Warming up too aggressively. Your warm-up is not a conditioning session. If you are out of breath and sweating heavily after 5 minutes on the rowing machine, you spent energy you need for your working sets. Light sweat, slightly elevated heart rate. That is the target.
Too many warm-up sets. If you are doing 10 warm-up sets before your first working set, you are wasting energy and time. 4-6 warm-up sets is plenty for most people at most working weights.
Too few warm-up sets. Going from an empty bar to your working weight in two jumps. Your joints, muscles, and nervous system are not prepared for the load. Take the time to ramp up properly. This is especially important for people over 30 whose connective tissue takes longer to warm up.
Not warming up at all. This is the biggest one. I have seen people tear their pec on the first rep because they loaded up 225 without a single warm-up set. I have seen guys strain their lower back on their first deadlift rep because they did not bother warming up their hips. Five to 10 minutes of warming up can prevent an injury that costs you weeks or months of training. The math is simple.

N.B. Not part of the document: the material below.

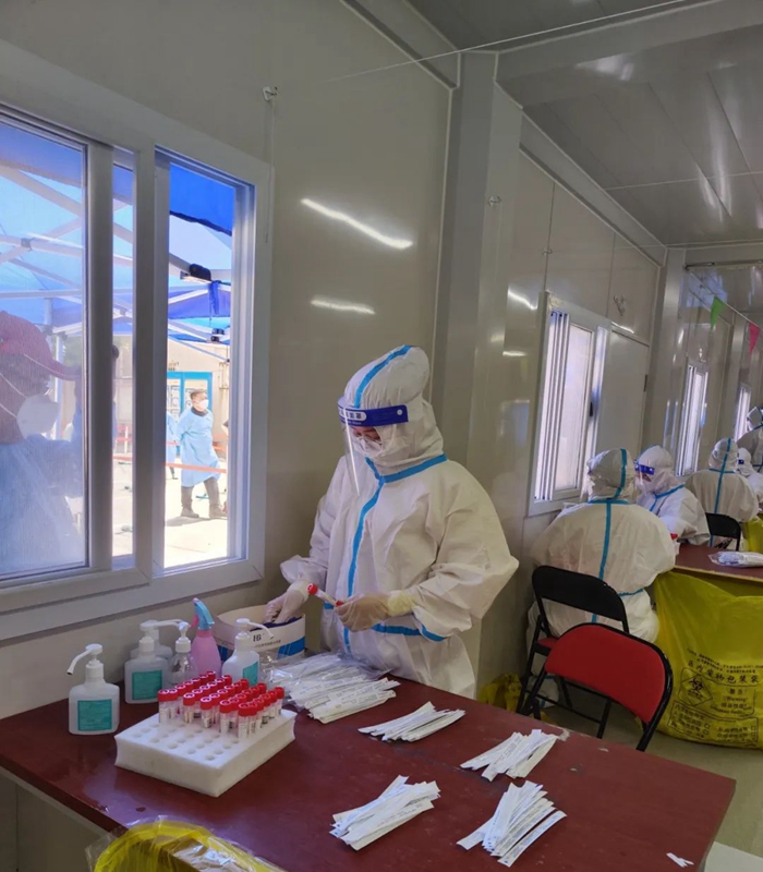 随着天气愈发的燥热,换上大白的必一运动 ,衣服瞬间就已经湿透了,但大家没有一句怨言,继续战斗在检测一线。有的时候做核酸的居民太多,必一运动 的医护人员和志愿者不能按时吃饭,好在小区的群众都很配合,一句句“谢谢,辛苦了”沁入心脾,真的很感动。

Over-relying on the foam roller. Spending 15 minutes rolling out every muscle before training is not a warm-up. It might make you feel looser, but it does not raise your core temperature, does not prepare your nervous system, and does not practice the movement patterns you are about to load. Foam rolling can be part of a warm-up (2-3 minutes on problem areas), but it should not be the whole warm-up.
The cold weather adjustment
If you train in a garage gym, an unheated warehouse gym, or anywhere that gets genuinely cold, you need a longer general warm-up. Your muscles and joints take longer to reach optimal temperature in a 40-degree room than a 70-degree room.
In cold environments:
- •Extend the general warm-up to 5-8 minutes
- •Add an extra warm-up set or two during your ramp-up
- •Wear layers and only remove them once you are genuinely warm
- •Keep rest periods slightly shorter to avoid cooling down between sets
I trained in a garage gym in the northeast for two winters. The worst thing was that mid-session cooldown between sets when you are standing around in 45-degree air. I started keeping a hoodie on until my heaviest sets, and honestly that alone made a noticeable difference in how the weights felt.

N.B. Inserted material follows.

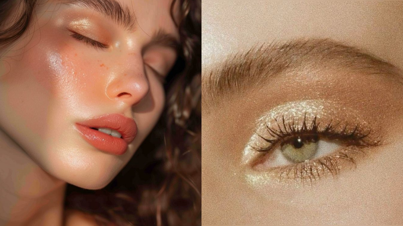 Golden and sunkissed: Kiểu trang điểm mắt “golden and sunkissed” tạo cảm giác như bạn vừa tận hưởng một ngày dài dưới mặt trời. Đầu tiên, hãy sử dụng kem che khuyết điểm để che đi các vết thâm, mụn hay quầng thâm. Để tạo hiệu ứng ửng hồng, dùng bronzer tán nhẹ lên bầu mắt và thoa phấn vàng kim. Để đôi mắt thêm phần lấp lánh, bạn có thể tô thêm nhũ ánh nâu đồng lên phần giữa bầu mắt và góc trong của mắt làm gợi lên sự ấm áp của ánh nắng chiều. Sự kết hợp hài hòa giữa các tông màu này là lựa chọn hoàn hảo cho các buổi tiệc hoặc các sự kiện ban ngày khi bạn muốn nổi bật mà không cần trang điểm quá cầu kỳ.

The bottom line: your warm-up should be simple, efficient, and specific to what you are training that day. Get warm, move through the ranges of motion you need, ramp up the bar to working weight, and start training. Fifteen minutes from walking in the door to your first working set is the goal. If your warm-up takes longer than your first exercise, something is wrong.